[TASK DETAILS] Write out the whole listing below exactly, skipping each picture.

======== AVAILABLE RECORDS

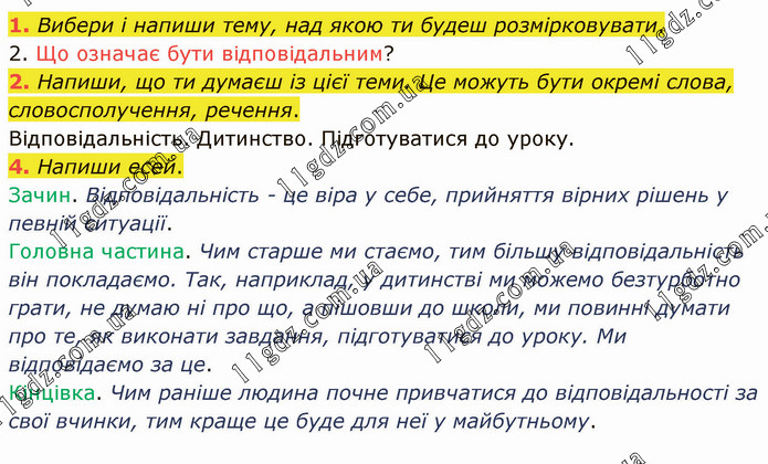 Вибери і напиши тему, над якою ти будеш розмірковувати. 2. Що означає бути відповідальним? 2. Напиши, що ти думаєш із цієї теми. Це можуть бути окремі слова, словосполучення, речення. Відповідальність. Дитинство. Підготуватися до уроку. 4. Напиши есей. Зачин. Відповідальність - це віра у себе, прийняття вірних рішень у певній ситуації. Головна частина. Чим старше ми стаємо, тим більшу відповідальність він покладаємо. Так, наприклад, у дитинстві ми можемо безтурботно грати, не думаю ні про що, а пішовши до школи, ми повинні думати про те, як виконати завдання, підготуватися до уроку. Ми відповідаємо за це. Кінцівка. Чим раніше людина почне привчатися до відповідальності за свої вчинки, тим краще це буде для неї у майбутньому.
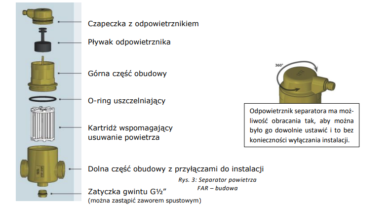 Separatory powietrza FAR montowane są na zasilaniu instalacji centralnego ogrzewania lub powrocie instalacji chłodniczych celem usuwania rozpuszczonego w medium grzewczym/chłodniczym powietrza. Separatory FAR wspomagają uwalnianie się powietrza z medium, a następnie usuwają je poprzez zintegrowany odpowietrznik automatyczny.
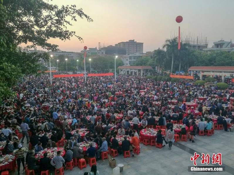 东莞麻涌镇2月15日举行2017年大步巡游活动,保护、传承“大步巡游”这一非物质文化遗产,弘扬优秀的传统文化。大步巡游活动当天晚上的聚餐,是每年都得举行的一项内容。
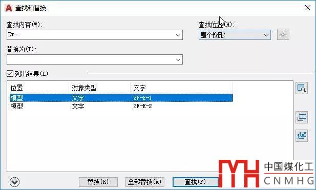 曾有網(wǎng)友問:圖中有一些帶E的文字,類似E、2F-E-1、2F-E-2,想將E替換成其他字符,但不希望替換2F-E-1和2F-E-2中的E,但CAD的查找功能會(huì)將所有帶E的文字都搜索出來,如果想單獨(dú)替換,只能查看搜索結(jié)果,然后一個(gè)個(gè)去替換,或者先統(tǒng)一替換,然后再將前面帶2F-的文字替換回來。
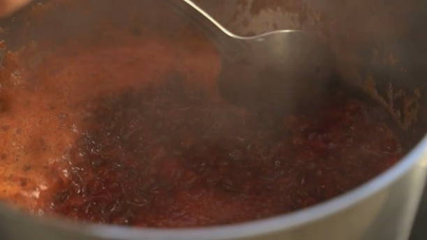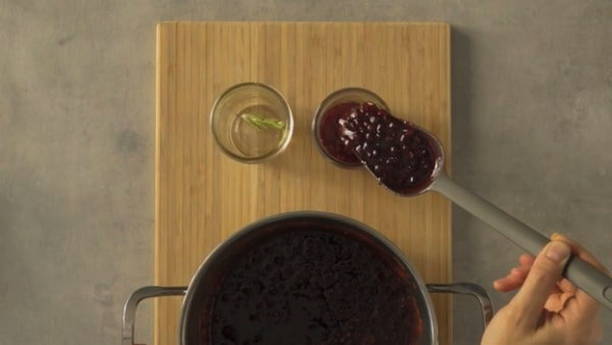 - Kneed na twee kookbeurten de bessen met een aardappelstamper of stoot lichtjes met een staafmixer.
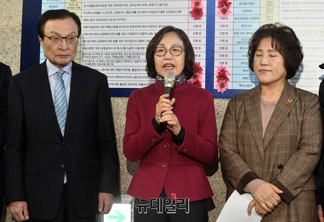 권미혁 더불어민주당 의원이 18일 오전 국회에서 열린 을지로위원회 상생꽃 달기 행사에서 발언을 하고 있다.
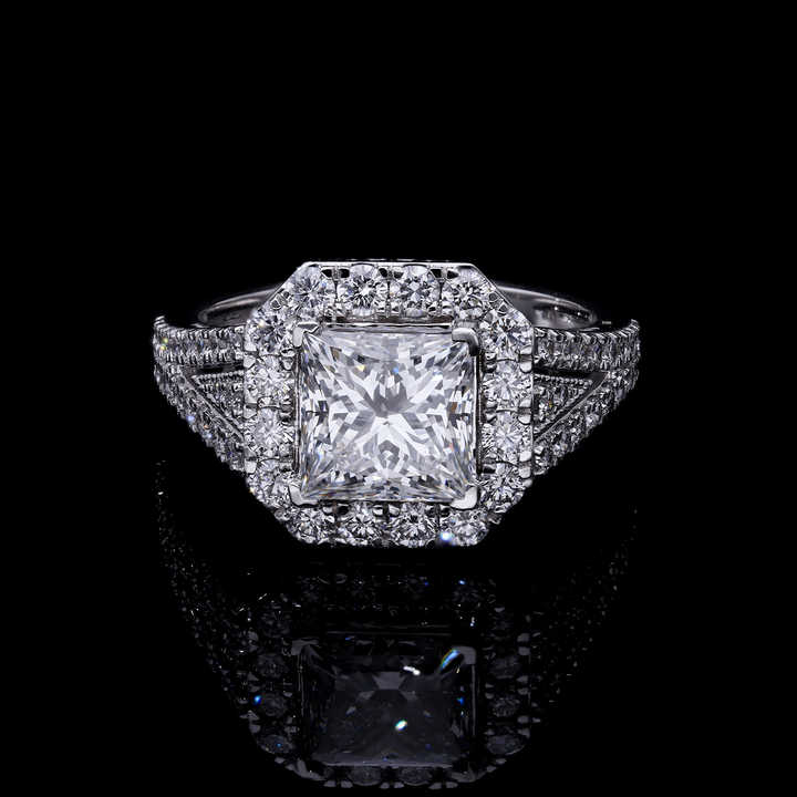 แหวนหมั้นเพชรแล็บโกรว์ 14K ทองคำ พร้อมเพชรทรงปรินเซสคัท 2 กะรัต ประดับด้วยเฮโลด้านข้างแบบแยกส่วน ได้รับการรับรองจาก IGI ชุบโรเดียม
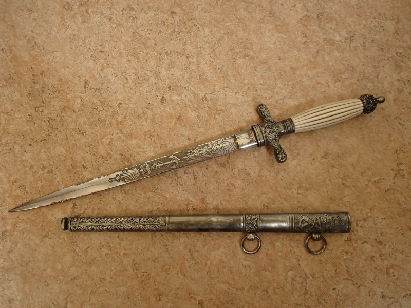 Zum Verkauf steht ein österreich-ungarischer Marinedolch Muster 1854. Der gut erhaltene Dolch ist 437 mm lang und 341 g (Scheide 86 g) schwer. Die schlanke zweischneidige Klinge ist beidseitig mit Ornamenten, Kaiserwappen und einem gekrönten Anker geätzt. Es findet sich der Hersteller " Haußmann in Wien".
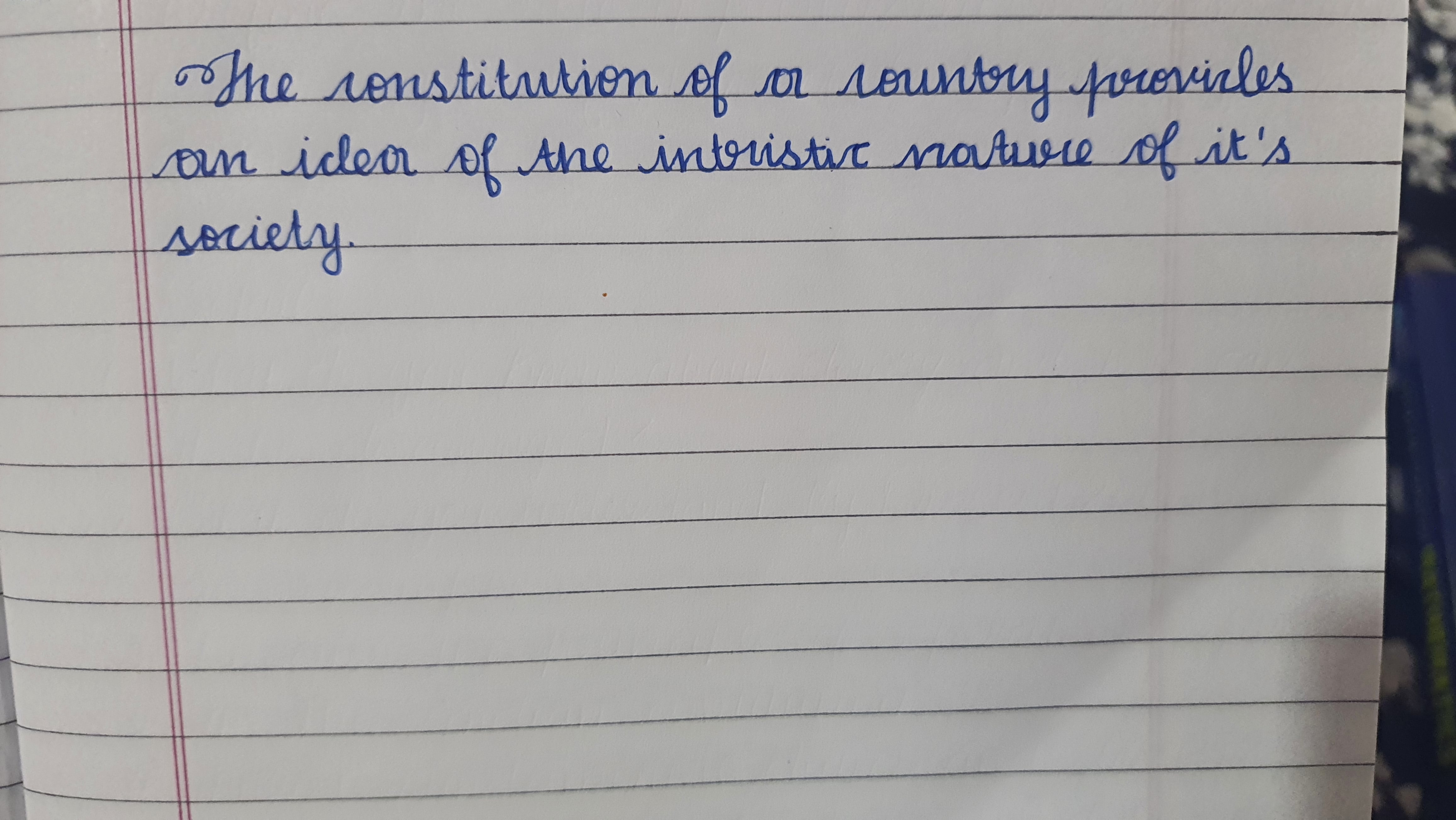 The handwriting sample showcases a flowing, connected script with rounded letter formations, as seen in words like "constitution", "nature", and "society". The slant is generally upright, indicating a balanced approach. There is a sense of rhythm and grace, suggesting a natural and fluid writing style. The letter size is consistent, indicating a steady personality. The pressure appears even, showing control and focus.
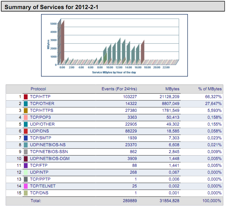 Esta nueva herramienta informa diariamente al departamento de sistemas del número de conexiones entrantes y salientes, número y tipo de ataques recibidos, consumo de ancho de banda total, sitios web más visitados, equipos que más ancho de banda consumen y tipos de tráfico con un apartado especial al tráfico FTP y al tráfico de correo electrónico.
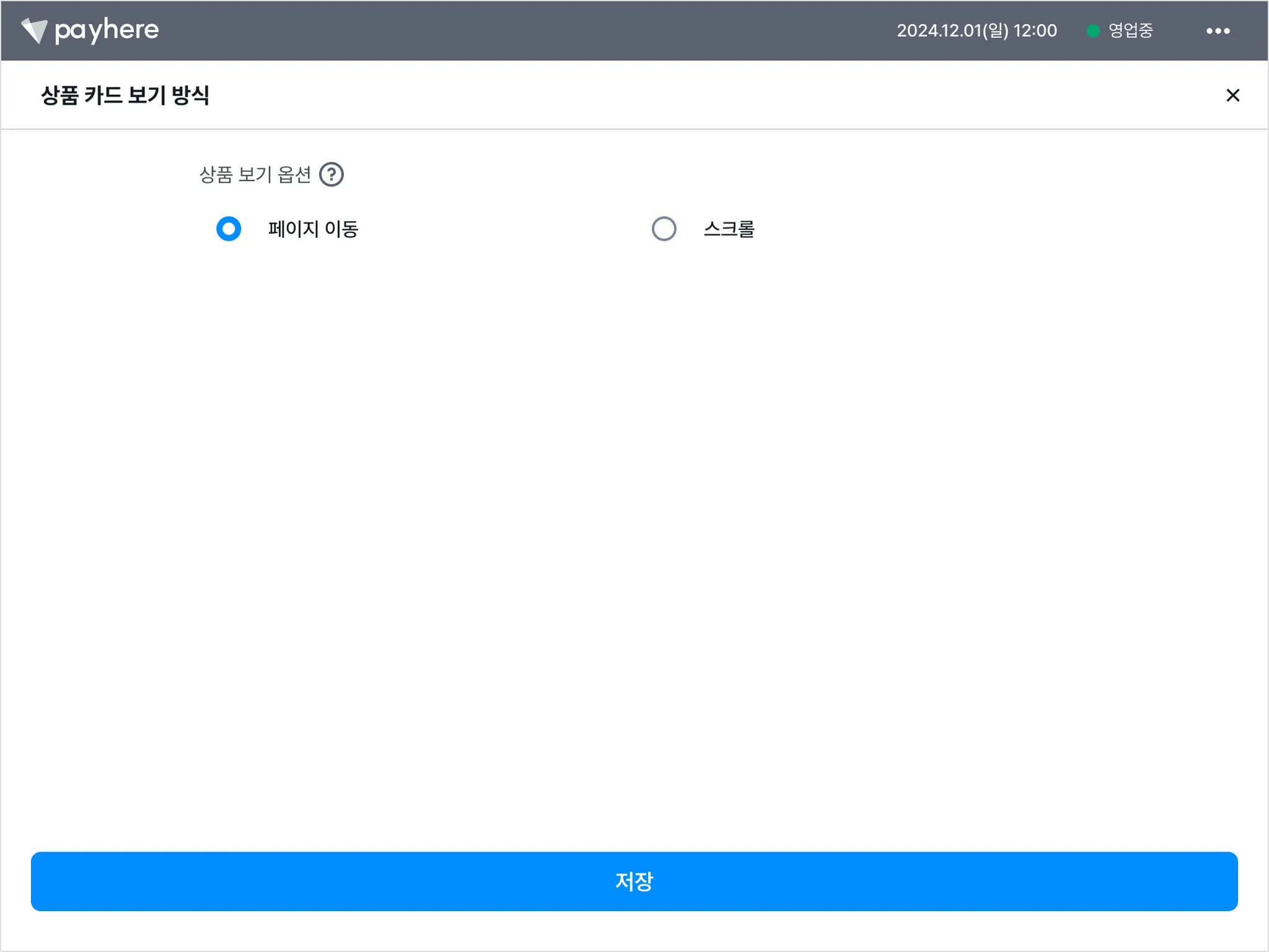 한 페이지에 상품이 가득 찼을 때 다음 페이지로 넘어가는 방식을 선택할 수 있어요.

================

[EXERCISE RESPONSE]
 Вибери і напиши тему, над якою ти будеш розмірковувати. 2. Що означає бути відповідальним? 2. Напиши, що ти думаєш із цієї теми. Це можуть бути окремі слова, словосполучення, речення. Відповідальність. Дитинство. Підготуватися до уроку. 4. Напиши есей. Зачин. Відповідальність - це віра у себе, прийняття вірних рішень у певній ситуації. Головна частина. Чим старше ми стаємо, тим більшу відповідальність він покладаємо. Так, наприклад, у дитинстві ми можемо безтурботно грати, не думаю ні про що, а пішовши до школи, ми повинні думати про те, як виконати завдання, підготуватися до уроку. Ми відповідаємо за це. Кінцівка. Чим раніше людина почне привчатися до відповідальності за свої вчинки, тим краще це буде для неї у майбутньому.
 Separatory powietrza FAR montowane są na zasilaniu instalacji centralnego ogrzewania lub powrocie instalacji chłodniczych celem usuwania rozpuszczonego w medium grzewczym/chłodniczym powietrza. Separatory FAR wspomagają uwalnianie się powietrza z medium, a następnie usuwają je poprzez zintegrowany odpowietrznik automatyczny.
 东莞麻涌镇2月15日举行2017年大步巡游活动,保护、传承“大步巡游”这一非物质文化遗产,弘扬优秀的传统文化。大步巡游活动当天晚上的聚餐,是每年都得举行的一项内容。
 曾有網(wǎng)友問:圖中有一些帶E的文字,類似E、2F-E-1、2F-E-2,想將E替換成其他字符,但不希望替換2F-E-1和2F-E-2中的E,但CAD的查找功能會(huì)將所有帶E的文字都搜索出來,如果想單獨(dú)替換,只能查看搜索結(jié)果,然后一個(gè)個(gè)去替換,或者先統(tǒng)一替換,然后再將前面帶2F-的文字替換回來。
 - Kneed na twee kookbeurten de bessen met een aardappelstamper of stoot lichtjes met een staafmixer.
 권미혁 더불어민주당 의원이 18일 오전 국회에서 열린 을지로위원회 상생꽃 달기 행사에서 발언을 하고 있다.
 แหวนหมั้นเพชรแล็บโกรว์ 14K ทองคำ พร้อมเพชรทรงปรินเซสคัท 2 กะรัต ประดับด้วยเฮโลด้านข้างแบบแยกส่วน ได้รับการรับรองจาก IGI ชุบโรเดียม
 Zum Verkauf steht ein österreich-ungarischer Marinedolch Muster 1854. Der gut erhaltene Dolch ist 437 mm lang und 341 g (Scheide 86 g) schwer. Die schlanke zweischneidige Klinge ist beidseitig mit Ornamenten, Kaiserwappen und einem gekrönten Anker geätzt. Es findet sich der Hersteller " Haußmann in Wien".
 The handwriting sample showcases a flowing, connected script with rounded letter formations, as seen in words like "constitution", "nature", and "society". The slant is generally upright, indicating a balanced approach. There is a sense of rhythm and grace, suggesting a natural and fluid writing style. The letter size is consistent, indicating a steady personality. The pressure appears even, showing control and focus.
 Esta nueva herramienta informa diariamente al departamento de sistemas del número de conexiones entrantes y salientes, número y tipo de ataques recibidos, consumo de ancho de banda total, sitios web más visitados, equipos que más ancho de banda consumen y tipos de tráfico con un apartado especial al tráfico FTP y al tráfico de correo electrónico.
 한 페이지에 상품이 가득 찼을 때 다음 페이지로 넘어가는 방식을 선택할 수 있어요.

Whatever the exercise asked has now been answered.